BRCA 1 and BRCA 2

Genetic testing is becoming a valuable tool in the prevention of serious diseases. The BRCA 1 and BRCA 2 test, available at IntroLab, enables the identification of mutations that increase the risk of breast, ovarian, and other types of cancer. By utilizing advanced Next Generation Sequencing (NGS) technology, the test delivers precise results and aids in making informed decisions regarding preventive measures.

What are BRCA 1 and BRCA 2 genes, and what is the difference?

BRCA 1 and BRCA 2 genes help maintain the stability of genetic material by producing proteins that repair damaged DNA. When mutations occur in these genes, the risk of developing cancer increases.

Differences between BRCA 1 and BRCA 2:

• BRCA 1 mutations are often associated with triple-negative breast cancer, which does not respond to hormonal therapies, making it more challenging to treat.
• BRCA 2 mutations are more frequently linked to hormone receptor-positive breast cancer, allowing for the use of hormonal therapies. Additionally, BRCA 2 mutations increase the risk of prostate and pancreatic cancer, as well as breast cancer in men.

Both mutations raise the risk of various cancers but differ in the nature of the cancers they are associated with and the timing of disease onset.

What is the BRCA 1 and BRCA 2 test?

The BRCA test detects mutations in the BRCA 1 and BRCA 2 genes that increase cancer risk. It is conducted using Next Generation Sequencing (NGS) technology, which allows for detailed gene analysis and the identification of even the smallest DNA changes. This method is currently the most accurate, providing reliable results that help in the precise assessment of the risk for hereditary cancers.

Why is the BRCA 1/2 test important?

The significance of the BRCA 1/2 test lies in its ability to provide information about an individual’s genetic risk for developing cancer. For those who carry mutations in the BRCA1 or BRCA2 genes, the risk of developing breast cancer ranges from 40% to 85%, while the risk of ovarian cancer is between 11% and 60%. Carriers of these mutations may also face an increased risk of other cancers, such as:

• Prostate cancer in men
• Pancreatic cancer
• Male breast cancer

These mutations are inherited in an autosomal dominant pattern, meaning there is a 50% chance that a parent with the mutation will pass the genetic alteration to their children. This information can help guide decisions on preventive measures, benefiting both the individual and their family members.

Who should consider BRCA 1 and BRCA 2 testing?

BRCA 1/2 testing is recommended for the following individuals:

• People with a family history of breast, ovarian, prostate, or pancreatic cancer, especially if multiple family members have been diagnosed
• Women diagnosed with breast or ovarian cancer before the age of 50
• Individuals with a known relative who has a BRCA mutation
• Men with a history of breast cancer or a high risk of prostate cancer
• Individuals who have survived breast or ovarian cancer, to better understand their risk of recurrence or developing other cancers

Sample collection and turnaround time for BRCA1 and BRCA2 test results

The BRCA test is conducted using either a blood or saliva sample, with the collection process being simple and non-invasive. Once the sample is collected, it is sent to the laboratory for genetic analysis. Test results are typically available within 4-6 weeks. The results come with a detailed interpretation of any identified genetic variants, which is essential for making informed decisions about preventive measures.
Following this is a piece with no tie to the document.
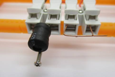 Der kürzere Draht hat 2 cm und bleibe gerade. Der längere Draht mit 4 cm wird in der Mitte gebogen. Die umgebogenen Enden bewirken einen besseren Halt in der Klemme. Beide Drähte werden so eingesetzt und gebogen, dass sie sich noch nicht berühren. Wenn aber mit dem Finger darauf drückt, wird die Verbindung hergestellt.

What happens if a mutation is detected?

If the test detects a mutation in the BRCA1 or BRCA2 genes, it doesn’t mean that the person currently has cancer, but it does indicate an increased risk of developing it in the future. In this situation, it’s important to consult with a genetic counselor and a doctor to develop a plan for ongoing monitoring and prevention.

Options following a positive BRCA test may include:

• More frequent medical screenings: Regular mammograms, breast MRIs, or other specialized tests can help with early detection of potential tumors.
• Preventive surgeries: Mastectomy (surgical removal of breasts) or removal of the ovaries can significantly reduce the risk of cancer.
• Use of preventive medications: Drugs like tamoxifen or raloxifene can lower the risk of breast cancer in high-risk women.
• Lifestyle changes: Adopting a healthy lifestyle, including regular physical activity, maintaining a healthy weight, and avoiding risk factors such as smoking and alcohol, can further reduce the risk.
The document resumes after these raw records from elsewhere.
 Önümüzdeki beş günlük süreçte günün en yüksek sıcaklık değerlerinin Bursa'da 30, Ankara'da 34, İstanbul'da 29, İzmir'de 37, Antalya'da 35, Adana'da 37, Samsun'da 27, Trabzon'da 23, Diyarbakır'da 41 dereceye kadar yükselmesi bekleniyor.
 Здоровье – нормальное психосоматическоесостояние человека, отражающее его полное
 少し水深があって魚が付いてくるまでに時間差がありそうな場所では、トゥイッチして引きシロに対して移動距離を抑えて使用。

What if the test does not reveal a mutation?

A negative BRCA 1/2 test does not guarantee that a person will never develop cancer, but it does indicate that there is no inherited BRCA mutation increasing the risk. However, other genetic and lifestyle factors can still contribute to cancer risk, so it is important to consult with a doctor about recommended preventive measures.
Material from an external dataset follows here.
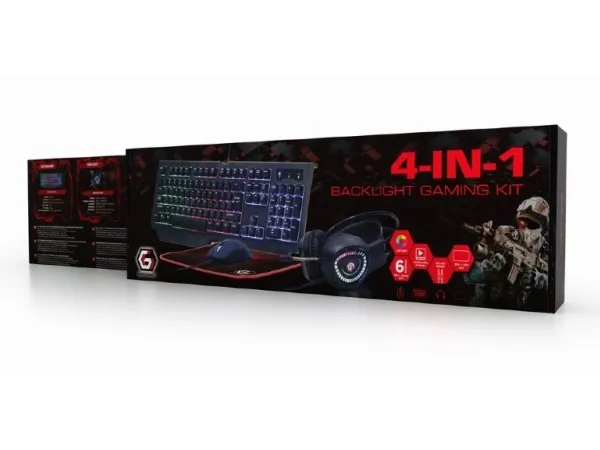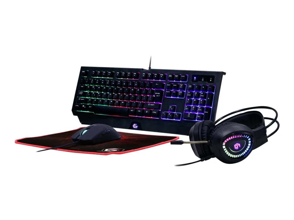 Gembird GMB Gaming Phantom GGS-UMGL4-01 - Sett med tastatur, mus, hodetelefon og musepute - bakgrunnsbelyst - USB - USA - fargeboks

The benefits of genetic counseling

Genetic counseling, both before and after BRCA 1/2 testing, can be very helpful. A genetic counselor can explain the test results, assist in understanding the associated risks, and offer support in making decisions about preventive steps. This type of counseling helps individuals comprehend complex genetic information and its impact on their health and their family’s health.